Britain's Minister of State for Middle East, North Africa and North America James Cleverly, French Foreign Minister Jean-Yves Le Drian, German Foreign Minister Annalena Baerbock and US Secretary of State Antony Blinken move to their seats for a meeting after a photograph at the German Foreign Office in Berlin. Alex Brandon / POOL / AFP

The United States has given the green light for Baltic nations to rush U.S.-made weapons to Ukraine, with Lithuania on Thursday saying it hoped to deter "aggressor" Russia.

A State Department official in Berlin, where Secretary of State Antony Blinken is holding crisis talks on Ukraine, said Washington was "expediting authorized transfers of U.S.-origin equipment from other allies."

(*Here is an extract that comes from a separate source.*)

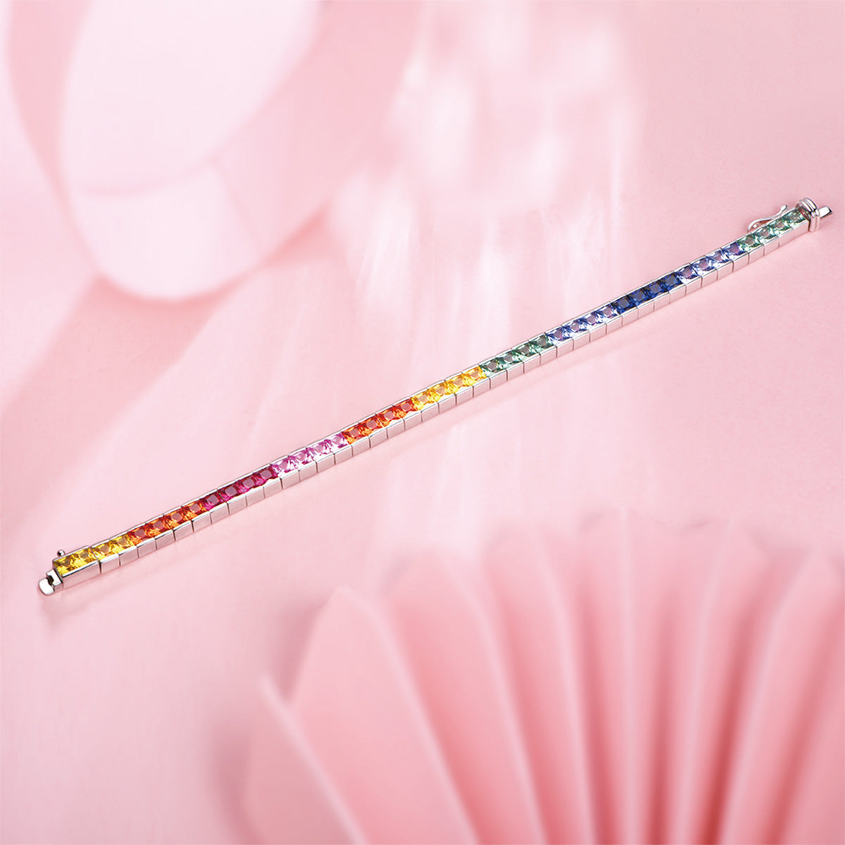 Sterling Silver Square Cut Tension Setting Colored Gem Tennis Bracelet

"European allies have what they need to move forward on additional security assistance (to) Ukraine in the coming days and weeks," the official said.

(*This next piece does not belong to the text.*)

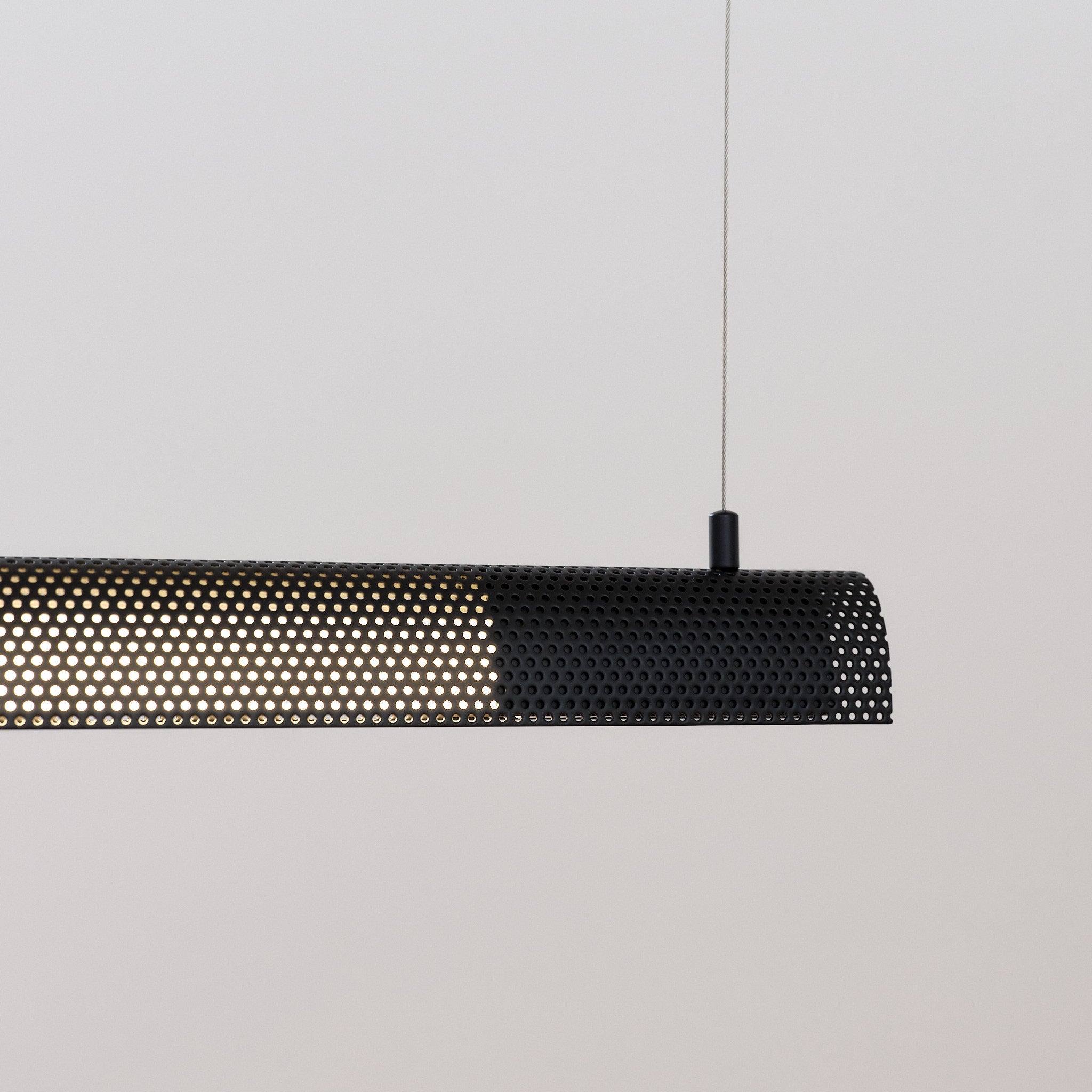 Based on a standard LED light tube Radent Pendant Lamp offers both direct downlight and subtle up light. The perforated metal mesh provides soft lighting. The Radent pendant lamp is available in four variations: black, white, steel or brass finish. And comes in 2 length.

A source familiar with the authorizations said the approval was for urgent requests by Estonia, Latvia and Lithuania to assist Ukraine, a fellow former Soviet republic.

The exact amounts and types of weapons were not specified but the Baltic nations' arsenals include Javelins — portable missiles capable of destroying tanks.

Lithuanian Defense Minister Arvydas Anusauskas confirmed that his country was sending defense and other aid to Ukraine in a bid to deter Russia from attacking.

"History shows us that conceding to the aggressor eventually ends in a big war. We do not want this. Any country which is defending itself must have opportunities to do this," he told AFP.

"Our decision will contribute to the implementation of a deterrence policy," he added.

His Latvian counterpart Artis Pabriks had on Wednesday signaled his country's intention to send Ukraine "both lethal and non-lethal defense equipment."

"We are currently compiling a list of items that we can give away, but it will be published only after everything will be transported to Ukraine," he said.

Estonia has said it plans to send "dozens" of Javelin anti-tank missiles and some 122mm howitzers.

The howitzers originally belonged to East Germany, then Germany and were bought by Finland in the 1990s.

Finland and Germany would have to give their approval for Estonia to send them to Ukraine.

Tens of thousands of Russian troops along with tanks and artillery have been deployed near the Ukrainian border since late last year, rattling the three Baltic nations, which are members of NATO.

President Joe Biden's administration has approved $650 million in weapons to Ukraine since last year, $200 million of it last month amid fears of war.

Ukraine has voiced hope for military supplies as quickly as possible, with shipments from nearby countries especially valuable.

Britain has also rushed anti-tank weapons to Ukraine.